START Available data

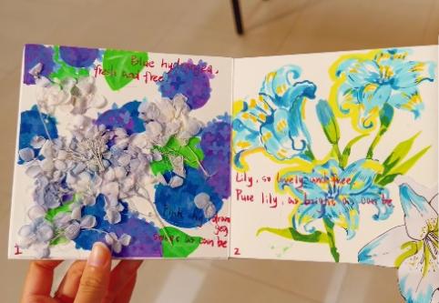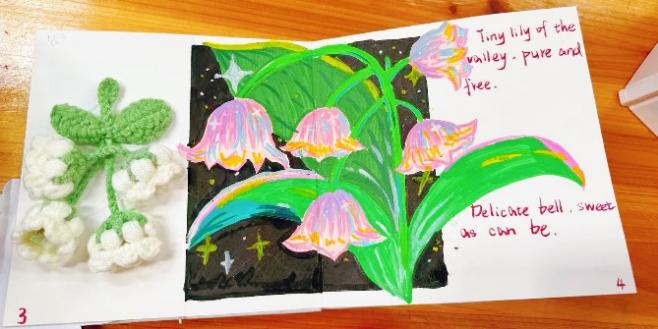 跨媒介绘本:第三组学生将毛线钩织的铃兰花与手绘星空结合,英文诗句“Tinylilyofthevalley,pureandfree”在实物与绘画的碰撞中更显生动。
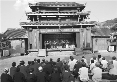 10月13日,三江侗族自治县民族文化进社区暨冠小“九九重阳节”文艺展演在该县林溪乡冠小百家宴基地举办。侗族同胞以侗歌、侗戏、多耶舞、百家宴等方式传孝道、唱和谐,并为村内70周岁以上的老人发放红包及礼品,祝愿老人健康长寿、安享晚年。图为老人们在观看文艺表演。
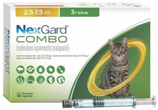 NexGard Combo призначений для боротьби та профілактики зараження блохами, кліщами (у тому числі вушними) та гельмінтами у кішок. Його рекомендують застосовувати, коли тварина страждає одночасно від зовнішніх та внутрішніх паразитів або є обґрунтована підозра на таку проблему. Препарат NexGard Combo знищує кліщів та оберігає від повторного зараження від місяця до 5 тижнів (залежно від виду), а бліх знищує настільки швидко, що вони не встигають відкласти яйця. Такий же жорстокий NexGard Combo і до глистів. Дивовижний препарат нового покоління очистить організм кота від більшості видів паразитів тільки за одне приймання! Препарат також ефективний при лікуванні лишаю. Три діючі речовини у складі препарату ефективно борються не лише з дорослими особинами паразитів, а й з їх личинками. Котів необхідно обробляти від паразитів, інакше вони розмножуються дуже швидко і в критичній кількості можуть завдати здоров'ю вихованця непоправної шкоди. NexGard Combo можна використовувати не тільки для дорослих котів, але і для кошенят у період активного росту: застосування дозволено для тварин 8 тижнів від народження та вагою від 0,8 кг. NexGard Combo використовують для лікування стрічкових, шлунково-кишкових гельмінтів, ефективний він і при лікуванні інфекцій, викликаних легеневими гельмінтами, застосовується для профілактики дирофіляріозу. Зараження тварин одночасно різними видами паразитів – велика проблема і NexGard Combo надійний помічник у боротьбі з ним.
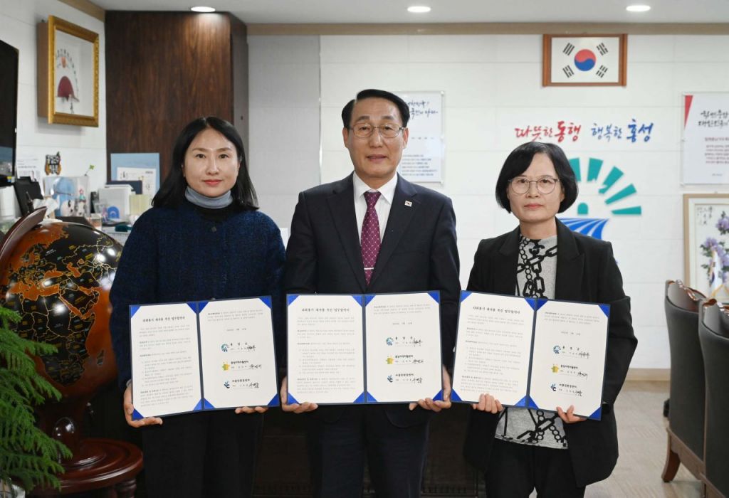 군은 11일 다회용기 재사용 체계 구축과 취약계층 일자리 창출을 위해 군수실에서 홍성지역자활센터, ㈜클린환경센터와 3자 업무협약을 체결했다.
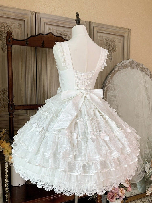 White Layered Skirt Shiro Hanayome Dress Sweet Hime Lolita Jumper Skirt with Removable Bows
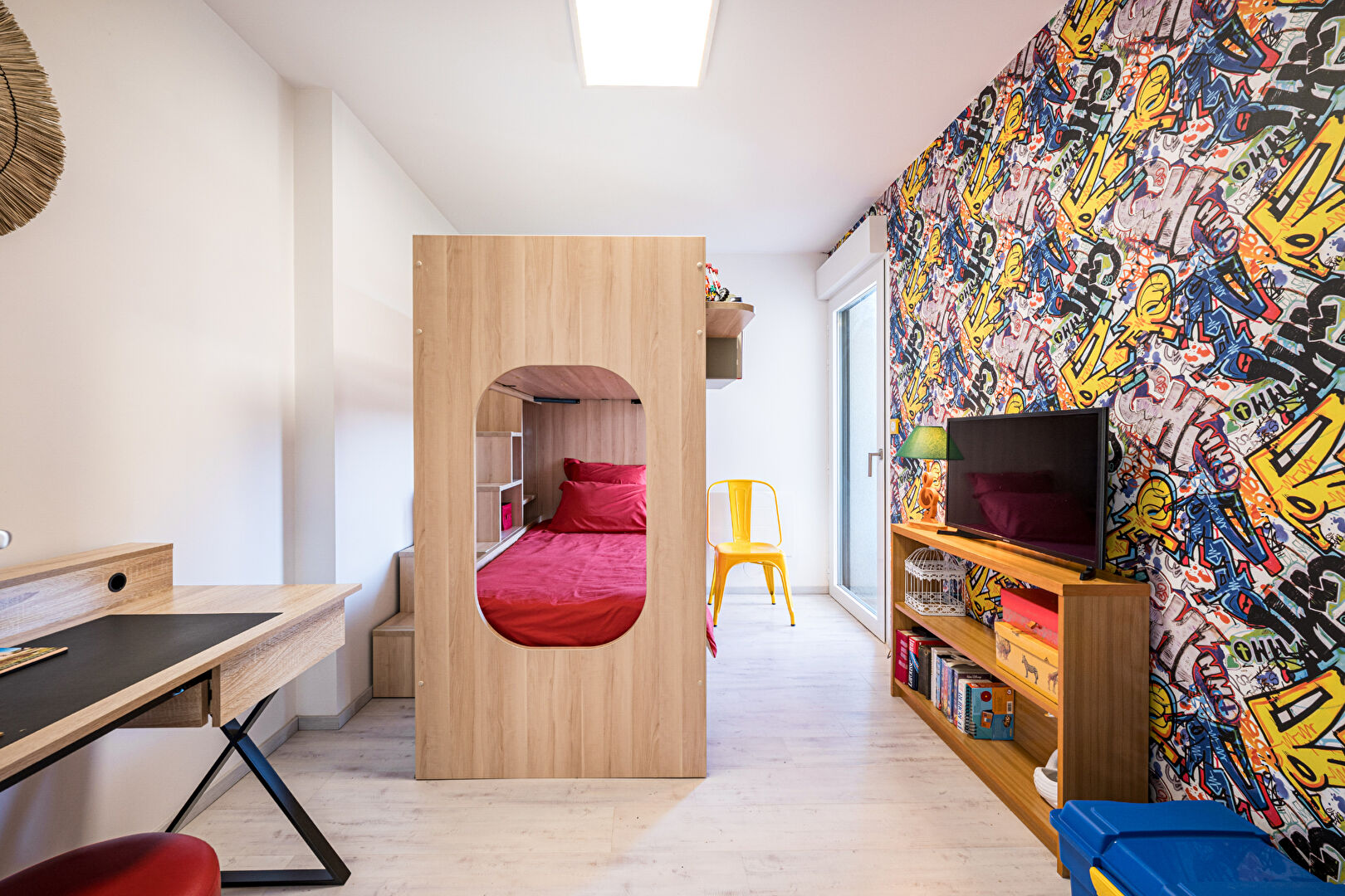 3 chambres et une grande salle de bain avec accès à un balcon privatif. Un second WC indépendant. 2 autres pièces pouvant servir de dressing/ rangement viennent compléter ce niveau.
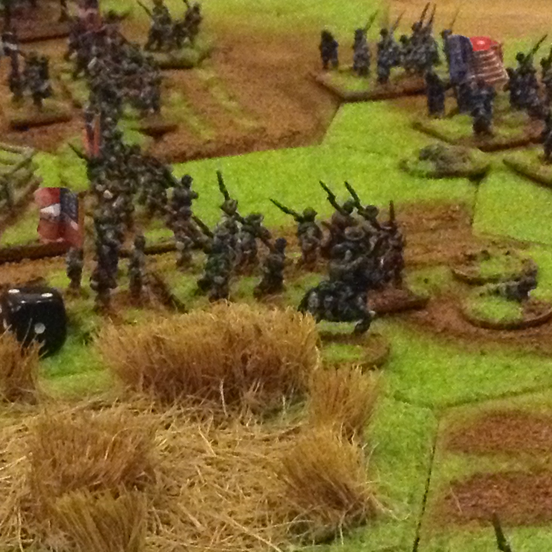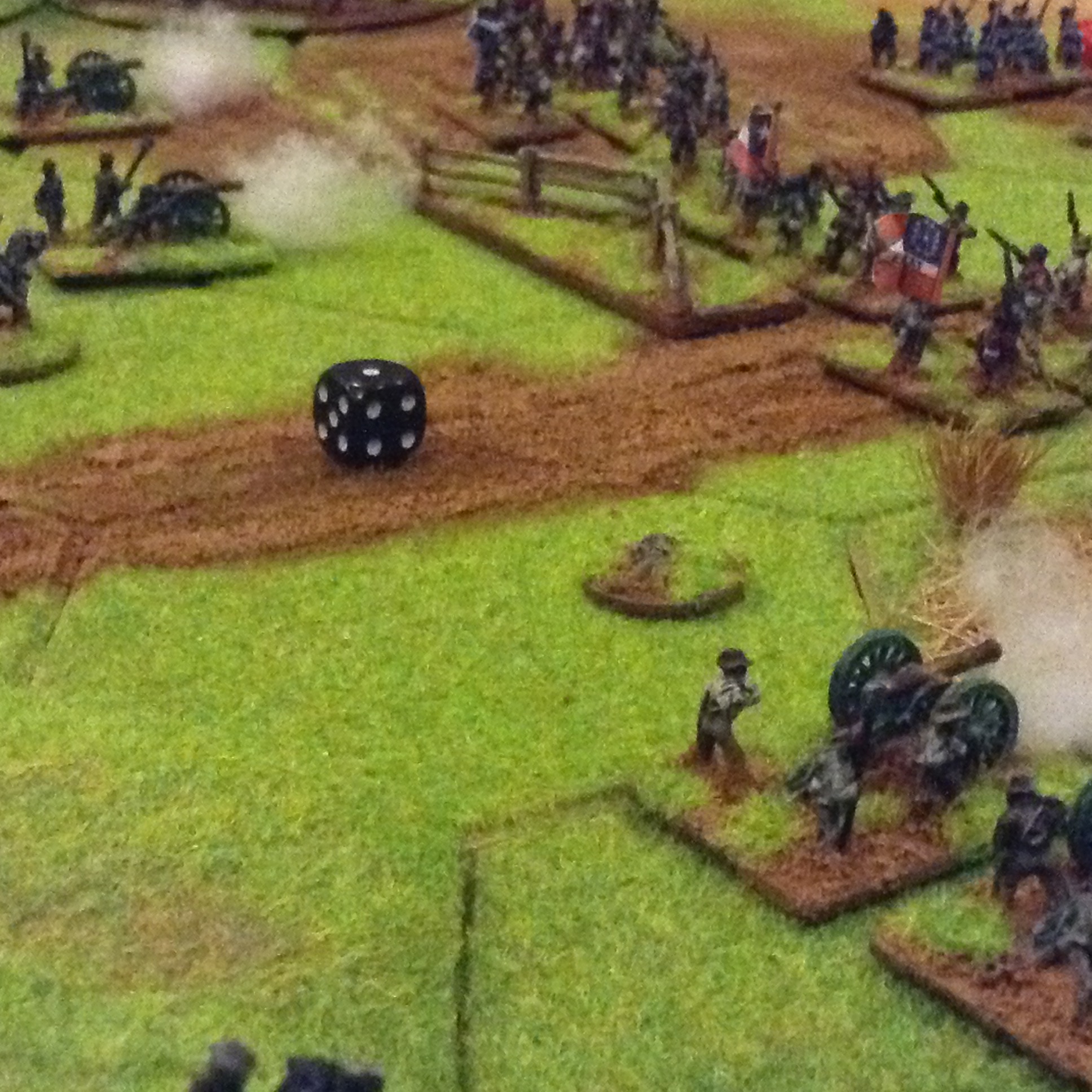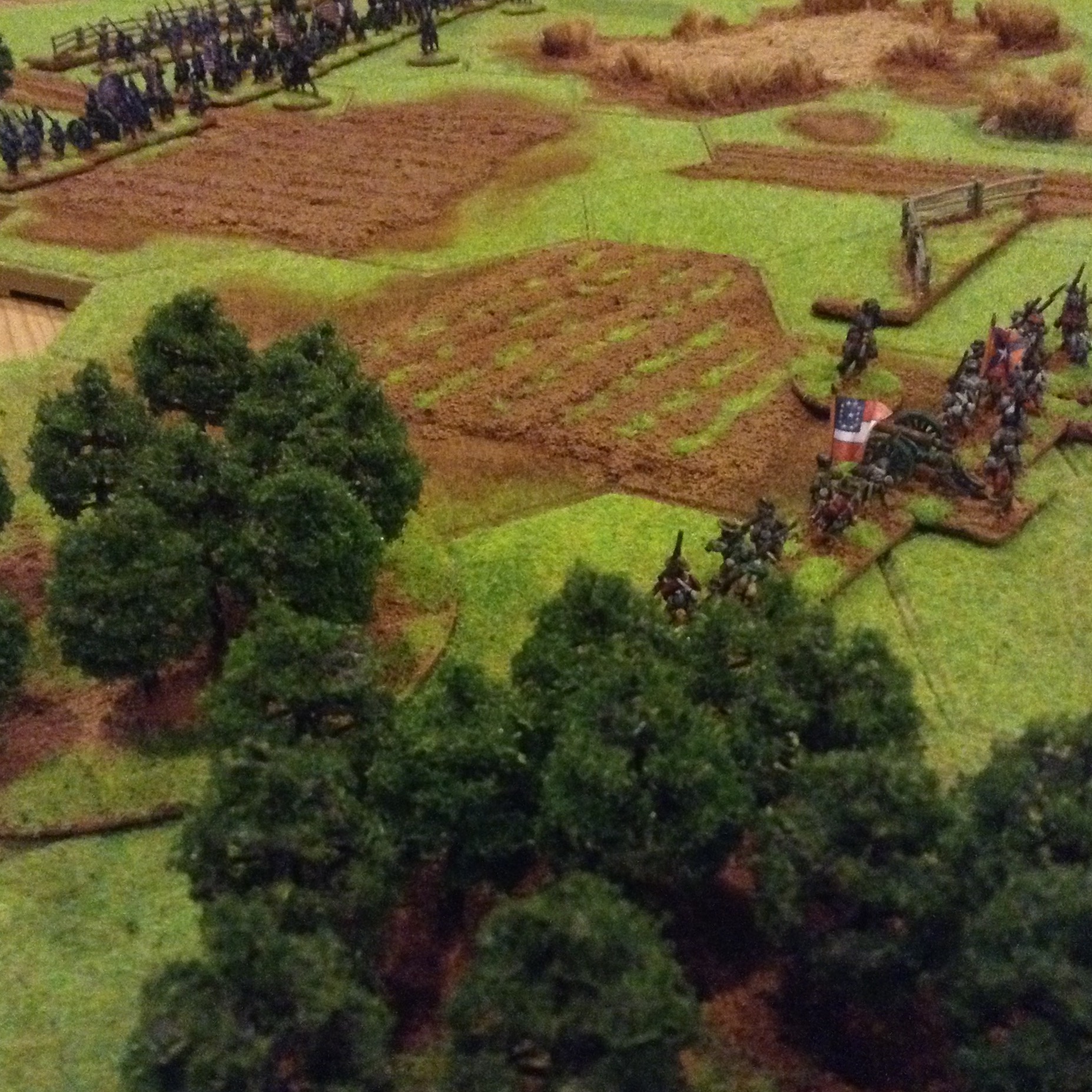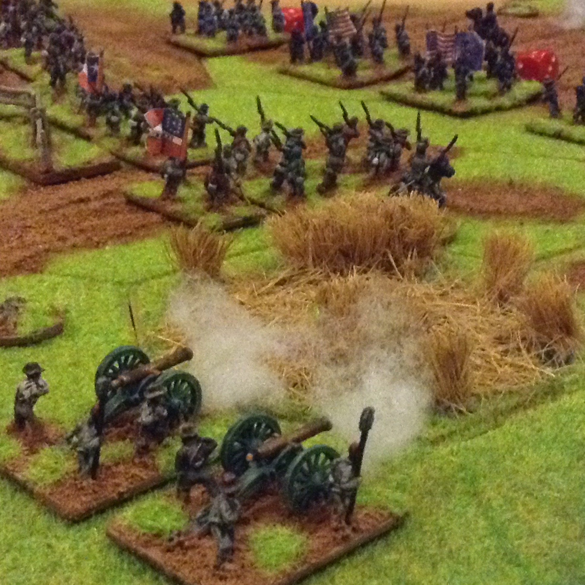 Selection of photos of a second game for the Yankies and Rebs to fight it out, now all based and flocked with command figures. Ended with a fair draw with heavy losses on both sides, the foremost brigades suffering withering fire with exchanges of volleys at close ranges with casualties of 60%. The Union guns suffered poor dice roles which gave the Rebs a better result overall. Burnside.
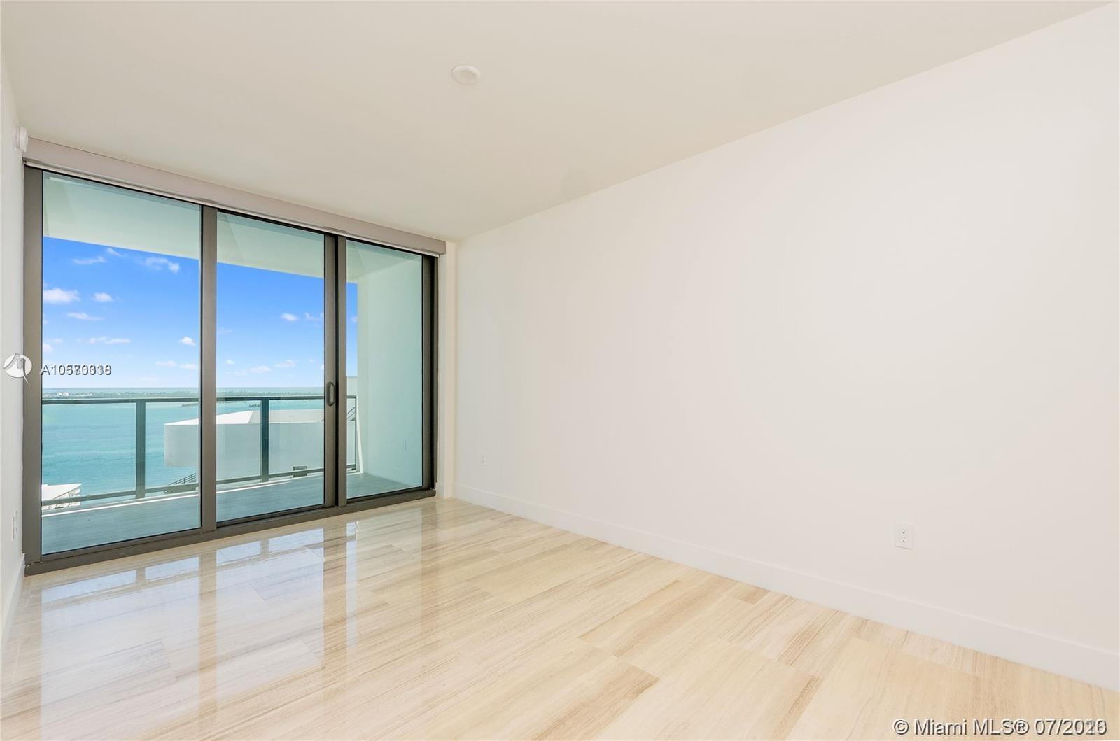 Freshly developed 2BR/2.5BA corner unit w/spectacular water and city views. Flow thru marble flooring, custom closet in master bedroom, and expansive terraces with summer kitchen. SMART IHOME system (integrated audio speakers & video / lighting system) and Bluetooth/fob controlled front door (no keys required). Eco-friendly kitchen with Italian glass cabinetry, marble countertops and top-of the line appliances. Infinity-edge pool w/resort-style poolside food & beverage services, gym and spa deck w/ panoramic views of Biscayne Bay and Downtown Miami. 24/7 concierge, valet, pet walker, complementary bikes, nanny service and much more.

END Available data

Task goal:
Beginning at the line that contains "White Layered Skirt", retype each line of the data above through the very last one. Do not retype the pictures.

Reply:
 White Layered Skirt Shiro Hanayome Dress Sweet Hime Lolita Jumper Skirt with Removable Bows
 3 chambres et une grande salle de bain avec accès à un balcon privatif. Un second WC indépendant. 2 autres pièces pouvant servir de dressing/ rangement viennent compléter ce niveau.
 Selection of photos of a second game for the Yankies and Rebs to fight it out, now all based and flocked with command figures. Ended with a fair draw with heavy losses on both sides, the foremost brigades suffering withering fire with exchanges of volleys at close ranges with casualties of 60%. The Union guns suffered poor dice roles which gave the Rebs a better result overall. Burnside.
 Freshly developed 2BR/2.5BA corner unit w/spectacular water and city views. Flow thru marble flooring, custom closet in master bedroom, and expansive terraces with summer kitchen. SMART IHOME system (integrated audio speakers & video / lighting system) and Bluetooth/fob controlled front door (no keys required). Eco-friendly kitchen with Italian glass cabinetry, marble countertops and top-of the line appliances. Infinity-edge pool w/resort-style poolside food & beverage services, gym and spa deck w/ panoramic views of Biscayne Bay and Downtown Miami. 24/7 concierge, valet, pet walker, complementary bikes, nanny service and much more.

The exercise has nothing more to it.